Creating data alignment early on is essential, because left unattended as your business scales, misalignment will scale with it. That said, it’s never too late to implement the structures and processes that help you maintain KPI alignment as your business scales.
How to create data alignment
- Create a single source of truth for your data, with company-wide definitions of your core metrics. Weld’s Metrics Store helps you do just that.
- Set cascading goals based on the high-level KPIs that define overall business success, with each team gaining ownership of more targeted metrics related to their function.
- Invest in reverse-ETL to bring data into everyone’s day-to-day functioning, rather than relying on individual employees to seek out data themselves.
Who is responsible for data governance?
It’s easy to place the responsibility of data governance on your data team or the data leader of the company. But the truth is, every member of your organization is responsible for the ongoing data governance that supports a truly data-driven business, and this is why developing a data culture is so important.
For people who aren’t data experts, it can be really intimidating to embrace data and take ownership of it. As a data leader, you have to break down the barriers for your non-technical team members and empower them with data.

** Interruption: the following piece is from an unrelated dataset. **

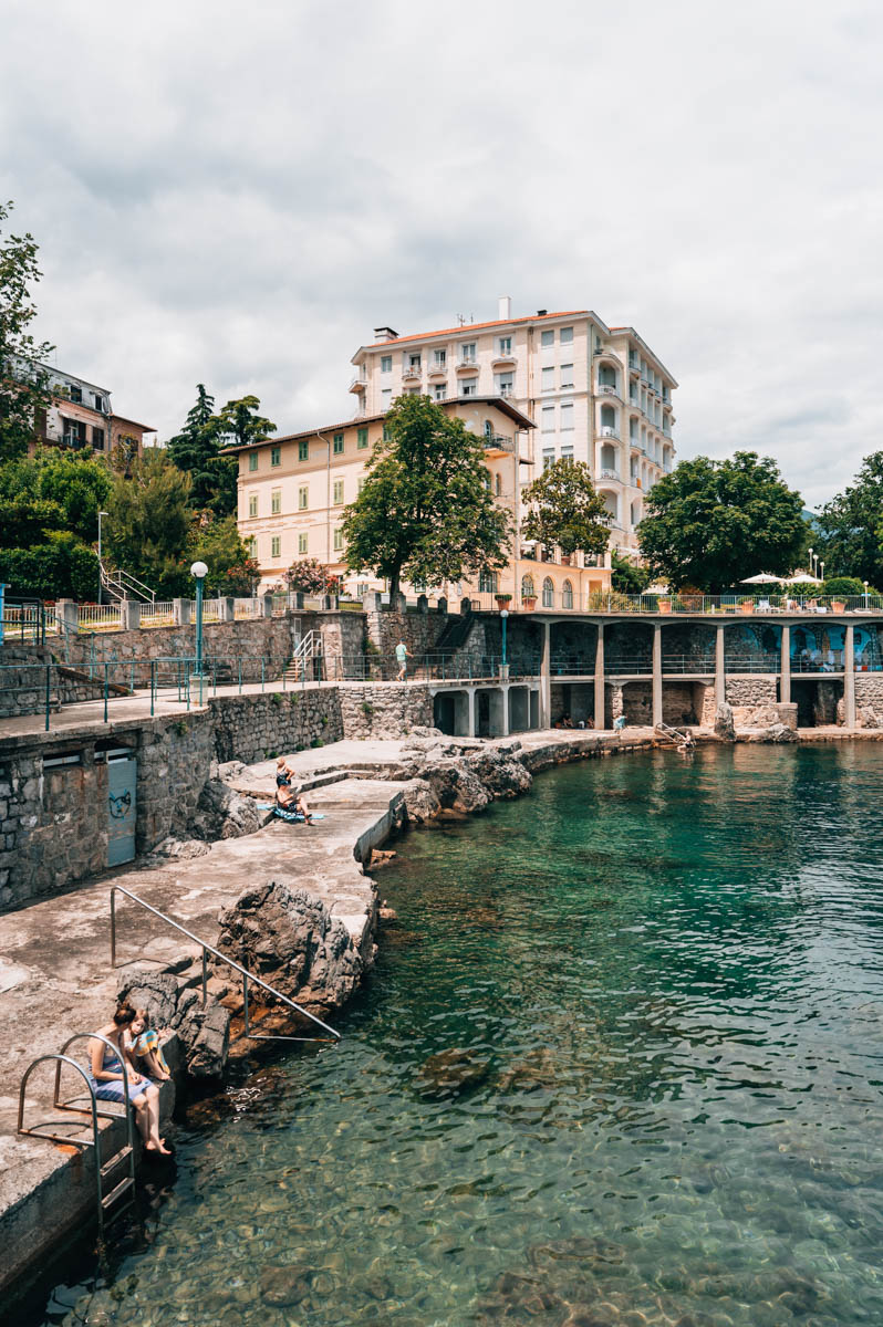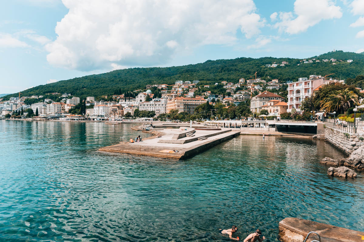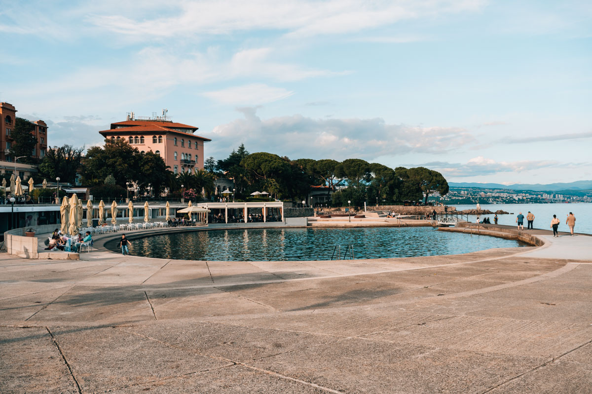 Ob man hier mal vorbeischauen kann? Definitiv – du wirst um diesen zentralen Ort nicht herumkommen, wenn du in Opatija bist. Ob du hier die idyllischsten Bademomente auf deiner Kroatien-Reise erleben wirst? Wohl eher nicht.

Tips to build a data culture:
- Hold workshops for people from all departments to learn technical data skills. These can be hosted by internal data experts or external consultants.
- Bring data into your business strategy and each team’s strategy. Make sure stakeholders and individual contributors are properly equipped to monitor their work’s performance.
- Refer to data in company-wide presentations often to highlight impact and support decisions, making everyone more comfortable and familiar with data.
There’s no one size fits all approach to data governance
Creating data governance across your organization is about more than just implementing the right policies and processes. From proper training to instilling the right mindset, keeping data secure and usable is a company-wide effort. Use the tips and steps outlined in this article to make data governance a priority for every team at your company.